Task instructions - Using the entries that follow, write out the line containing "我が家の初トマト🍅 あと、何個できるか、楽しみです^_^", the line containing "Ensfarvet bluse med", and every line between them, exactly and nothing else.

START Information

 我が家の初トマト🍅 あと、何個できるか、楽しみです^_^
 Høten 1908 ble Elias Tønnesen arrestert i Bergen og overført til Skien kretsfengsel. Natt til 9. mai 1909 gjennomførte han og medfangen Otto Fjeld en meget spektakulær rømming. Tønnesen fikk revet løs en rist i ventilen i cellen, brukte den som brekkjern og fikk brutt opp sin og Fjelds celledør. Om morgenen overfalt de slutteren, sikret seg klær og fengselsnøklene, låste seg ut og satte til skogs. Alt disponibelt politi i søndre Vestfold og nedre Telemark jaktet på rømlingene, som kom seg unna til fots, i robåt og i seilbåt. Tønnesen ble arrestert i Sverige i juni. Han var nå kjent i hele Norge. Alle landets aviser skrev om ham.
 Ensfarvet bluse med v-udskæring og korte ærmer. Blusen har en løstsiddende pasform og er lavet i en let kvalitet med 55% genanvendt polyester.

END Information
START Information

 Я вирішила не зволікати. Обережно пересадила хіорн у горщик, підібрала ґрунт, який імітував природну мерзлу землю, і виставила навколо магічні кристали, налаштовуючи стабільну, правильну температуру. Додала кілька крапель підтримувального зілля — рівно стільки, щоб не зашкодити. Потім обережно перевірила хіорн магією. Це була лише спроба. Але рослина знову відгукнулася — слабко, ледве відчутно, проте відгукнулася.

END Information

Your response -
 我が家の初トマト🍅 あと、何個できるか、楽しみです^_^
 Høten 1908 ble Elias Tønnesen arrestert i Bergen og overført til Skien kretsfengsel. Natt til 9. mai 1909 gjennomførte han og medfangen Otto Fjeld en meget spektakulær rømming. Tønnesen fikk revet løs en rist i ventilen i cellen, brukte den som brekkjern og fikk brutt opp sin og Fjelds celledør. Om morgenen overfalt de slutteren, sikret seg klær og fengselsnøklene, låste seg ut og satte til skogs. Alt disponibelt politi i søndre Vestfold og nedre Telemark jaktet på rømlingene, som kom seg unna til fots, i robåt og i seilbåt. Tønnesen ble arrestert i Sverige i juni. Han var nå kjent i hele Norge. Alle landets aviser skrev om ham.
 Ensfarvet bluse med v-udskæring og korte ærmer. Blusen har en løstsiddende pasform og er lavet i en let kvalitet med 55% genanvendt polyester.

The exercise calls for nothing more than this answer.